The series are \(C = \cos(x) + \cos(2x)/2! + \cos(3x)/3! + \cdots \) and \(S = \sin(x) + \sin(2x)/2! + \sin(3x)/3! + \cdots\) then

\[\begin{split}\displaystyle \begin{align} C + iS =&\; \cos(x) + \cos(2x)/2! + \cos(3x)/3! + \cdots + i(\sin(x) + \sin(2x)/2! + \sin(3x)/3! + \cdots)\\ =&\; e^{ix} +\frac{e^{2ix}}{2!}+\frac{e^{3ix}}{3!}+\cdots\\ =&\; e^{e^{ix}} -1 \end{align}\end{split}\]

To obtain the last result, the exponential series has been identified. Converting back to the trig form produces

\[\begin{split}\displaystyle \begin{align} C+iS =&\;e^{\cos(x)+i\sin(x)}-1\\ =& \;e^{\cos(x)}e^{i\sin(x)} - 1 \\ =& \;e^{\cos(x)}(\cos(\sin(x))+i\sin(\sin(x))-1\end{align}\end{split}\]

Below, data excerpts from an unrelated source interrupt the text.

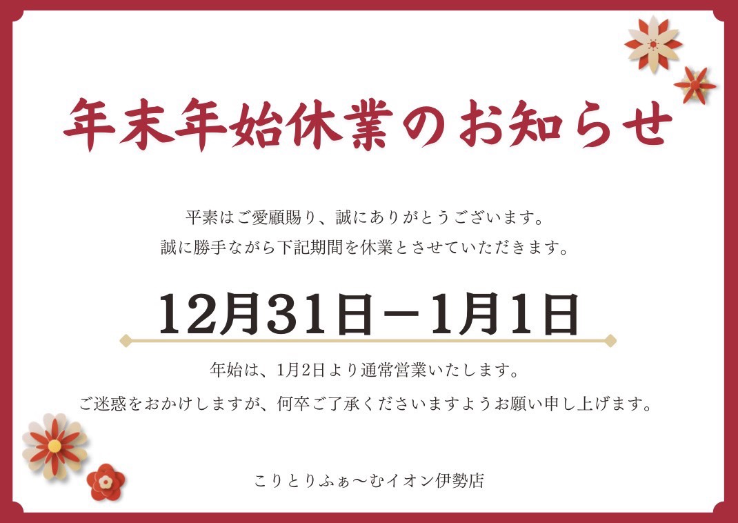 定休日のお知らせ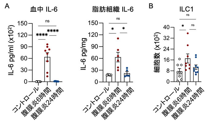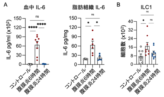 研究チームは、マウスの盲腸を縛って穴を開けるという敗血症の研究でもよく使われる手法で腹膜炎を引き起こし、内臓脂肪組織の働きを観察しました。その結果、炎症の強さを示す指標の一つであるIL-6が、血液中でも脂肪組織でも6時間後に増え、24時間後には腹膜炎誘導前と同程度まで下がったとのこと。また、炎症が強いこの時点では、脂肪組織の中でILC1が増えており、脾臓(ひぞう)から脂肪組織へ移動してきたことが示されました。研究チームは、腹膜炎の初期に内臓脂肪組織で免疫応答が起きていると考えています。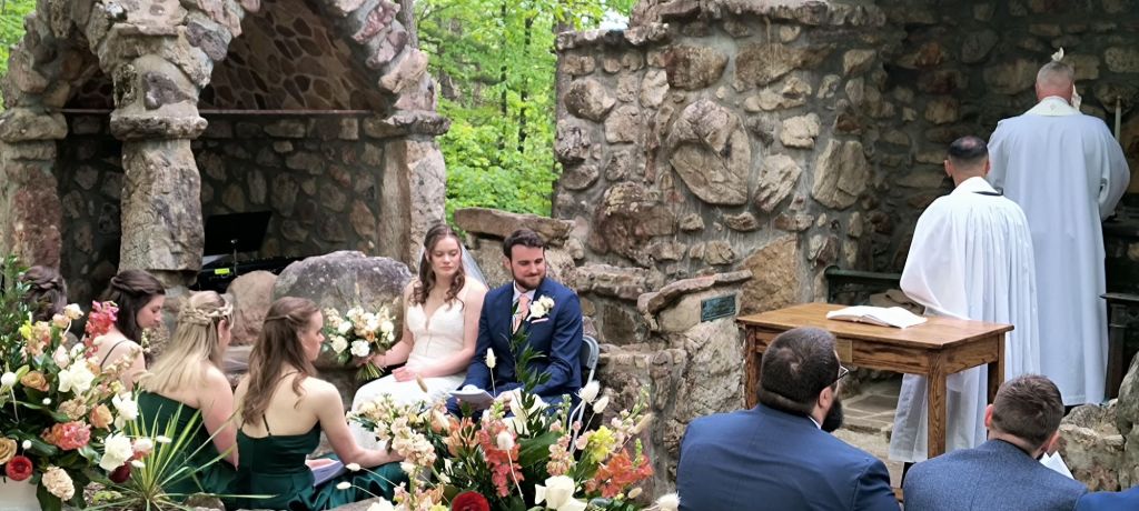 We find out that our niece spent many summers at Shrinemont and that it is generational love for this place going back to her grandfather. It is a special place and the wedding takes place in the beautiful open air Shrine. The Shrine, as we are told by a few long timers, is the official cathedral of the episcopal diocese, which makes it the tallest cathedral in the world. It is a good line.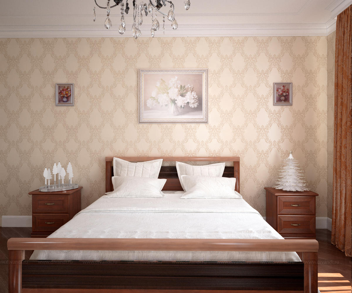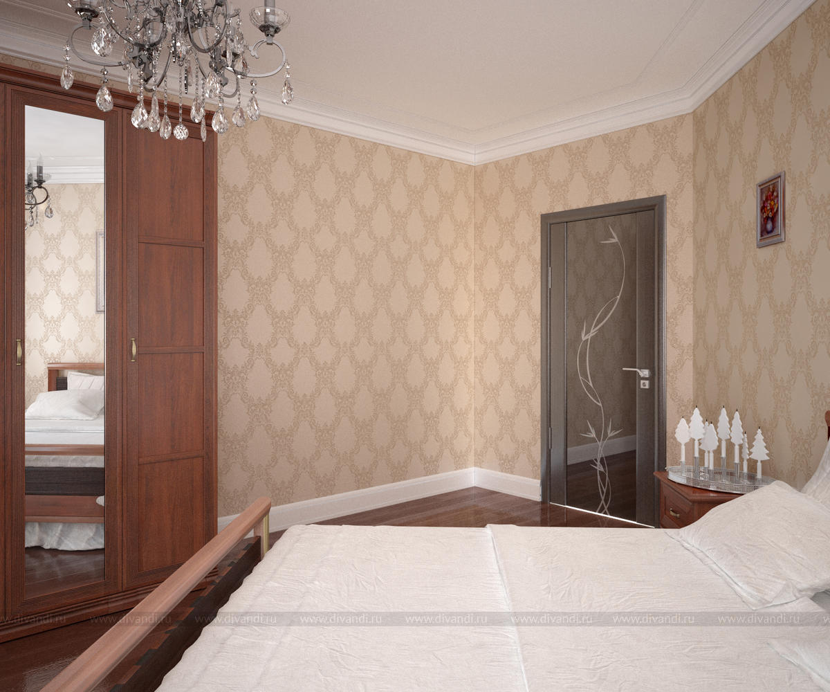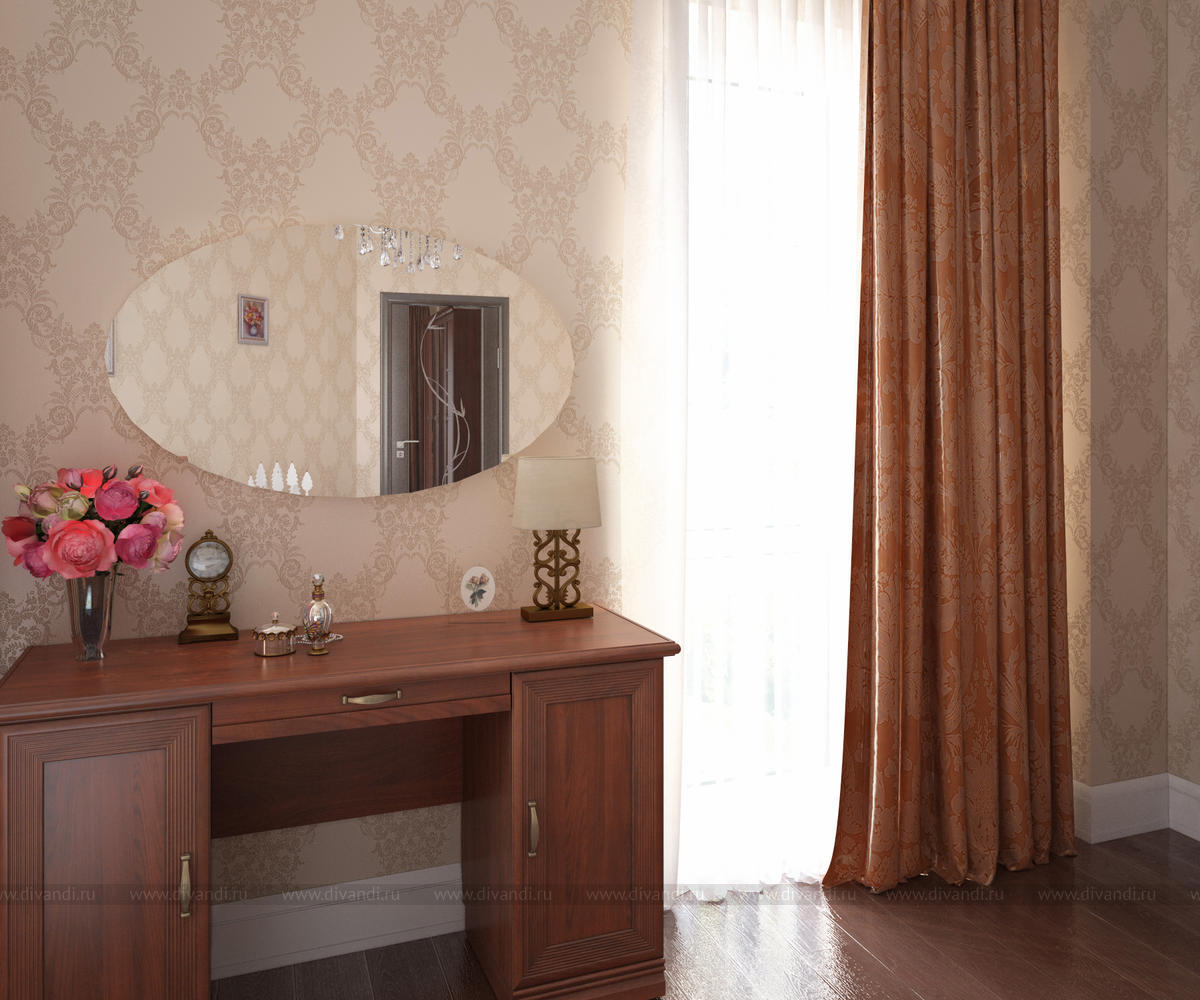 Сложную конфигурацию спальни, смягчили обои с классическим рисунком. Светло-бежевые оттенки придают пространству лоск, и выглядят элегантно. Овальное зеркало, деталь создающая незримую, но ощутимую геометрию, которая так необходима классическому стилю.

from which equating the real part of both sides of the equation gives \(C = e^{\cos(x)} \cos(\sin(x)) - 1\). When plotted this function produces a regular series of spikes.

Q27 answer#

Multiplying by the complex conjugate gives

\[\begin{split}\displaystyle Z=\frac{1}{R^{-1}+i\omega C}=\frac{1}{R^{-1}+i\omega C}\cdot\frac{R^{-1}-i\omega C}{R^{-1}-i\omega C}\\=\frac{R}{1+(\omega CR)^2}-i\frac{(\omega CR)^2}{1+(\omega CR)^2}\end{split}\]

Using Python to plot the graph, first define functions \(\mathtt{z1}\) and \(\mathtt{z2}\) (see code below) and vary the frequency. You will need to guess this but \(0 \to 10^4\) Hz works well.

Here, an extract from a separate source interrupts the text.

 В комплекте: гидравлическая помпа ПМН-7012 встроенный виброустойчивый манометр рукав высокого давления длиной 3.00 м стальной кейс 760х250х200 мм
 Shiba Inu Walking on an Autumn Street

The high frequency can be determined by making \(\omega = 0\), then infinity, or by plotting the graph only to, say, a frequency of 500 Hz and seeing where this ends on the plot. When \(\omega = 0\) only the real part of the plot exists, so this has to be on the abscissa. When \(\omega = \infty\), both z1 and z11 are zero so the high frequency should be at the origin.

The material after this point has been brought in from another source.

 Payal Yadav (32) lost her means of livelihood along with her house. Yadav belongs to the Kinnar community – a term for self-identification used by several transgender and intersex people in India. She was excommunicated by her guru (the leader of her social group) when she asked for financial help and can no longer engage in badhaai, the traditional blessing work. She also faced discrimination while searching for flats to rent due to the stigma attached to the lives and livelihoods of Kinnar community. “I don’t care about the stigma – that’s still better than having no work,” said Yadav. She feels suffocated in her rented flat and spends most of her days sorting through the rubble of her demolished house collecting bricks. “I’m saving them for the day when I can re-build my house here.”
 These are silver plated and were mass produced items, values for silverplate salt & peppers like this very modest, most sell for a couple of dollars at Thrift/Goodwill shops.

Figure 12. Impedance plot, \(\omega =0\to 10^4\) Hz,\(R=5\mathrm{k\Omega}\; C=1\mathrm{\mu F}\).

# code to plot fig 12
w  = np.linspace(0,6000,1000)
z1 = lambda R,C,w: R/(1 + (R*C*w)**2)
z2 = lambda R,C,w: R**2*C*w/(1 + (R*C*w)**2)
R  = 5000
C  = 1e-6
#plt.plot(z1(R,C,w),z2(R,C,w),color='red')   # fig 12

Q28 answer#

One atom is at \((0,0,0)\) and the body centred one at \((u,v,w)=(1/2,1/2,1/2)\) as fractions of the cell axis lengths. Let \(f_A,f_B\) be the atomic scattering factors then from eqn. 21 the scattering factor is,

\[\displaystyle F = f_Ae^{2i\pi(0)} + f_Be^{2i\pi(h/2+k/2+l/2)} = f_A+f_Be^{i\pi(h+k+l)}\]

and the intensity is \(F^*F\),

\[\begin{split}\displaystyle \begin{align} I =&(f_A+f_Be^{-i\pi(h+k+l)})(f_A+f_Be^{i\pi(h+k+l)})\\=& f_A^2+f_B^2+f_Af_B(e^{-i\pi(h+k+l)}+e^{+i\pi(h+k+l)})\\=& f_A^2+f_B^2+2f_Af_B\cos(\pi(h+k+l))\end{align}\end{split}\]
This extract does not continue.